▶ What this task involves
From the line containing "씨아이에스, 장시작 후" through the last line of the material, copy every line exactly, both ends inclusive; do not copy pictures.

▶ Supplied data

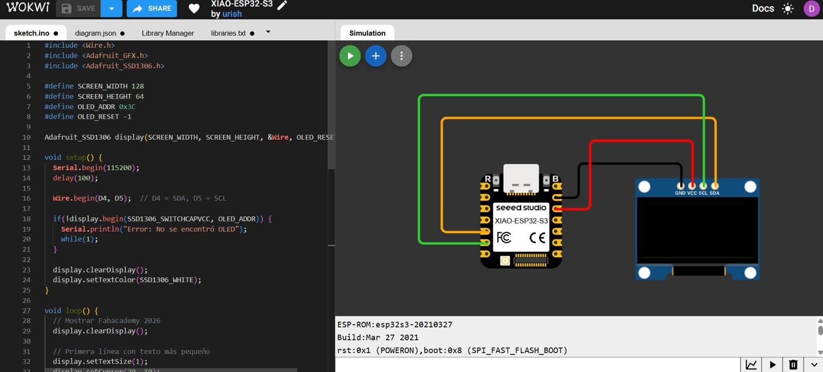 This code controls an OLED display (SSD1306) using a XIAO ESP32-S3 and Adafruit libraries. In the setup, it initializes serial communication, starts I2C communication with custom SDA and SCL pins, and initializes the OLED display, stopping the program if the display is not detected. In the loop, it alternates between two screens: first showing “Fabacademy 2026” with different text sizes, and then displaying the name “Daniel Haro.” Each screen is cleared, updated, and shown on the display, with a 3-second delay between transitions.
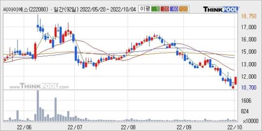 씨아이에스, 장시작 후 꾸준히 올라 +10.05%.. 외국인 50,641주 순매수
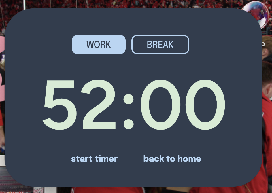 The Pomodoro Widget is a minimalist, desktop timer built as an Electron app with React and Vite. Inspired by the Pomodoro technique, it helps users manage focused work sessions and breaks with a distraction-free floating widget. Designed to stay on top, blend into the desktop, and look aesthetically cohesive, the widget is lightweight and fully cross-platform.

▶ Solution below
 씨아이에스, 장시작 후 꾸준히 올라 +10.05%.. 외국인 50,641주 순매수
 The Pomodoro Widget is a minimalist, desktop timer built as an Electron app with React and Vite. Inspired by the Pomodoro technique, it helps users manage focused work sessions and breaks with a distraction-free floating widget. Designed to stay on top, blend into the desktop, and look aesthetically cohesive, the widget is lightweight and fully cross-platform.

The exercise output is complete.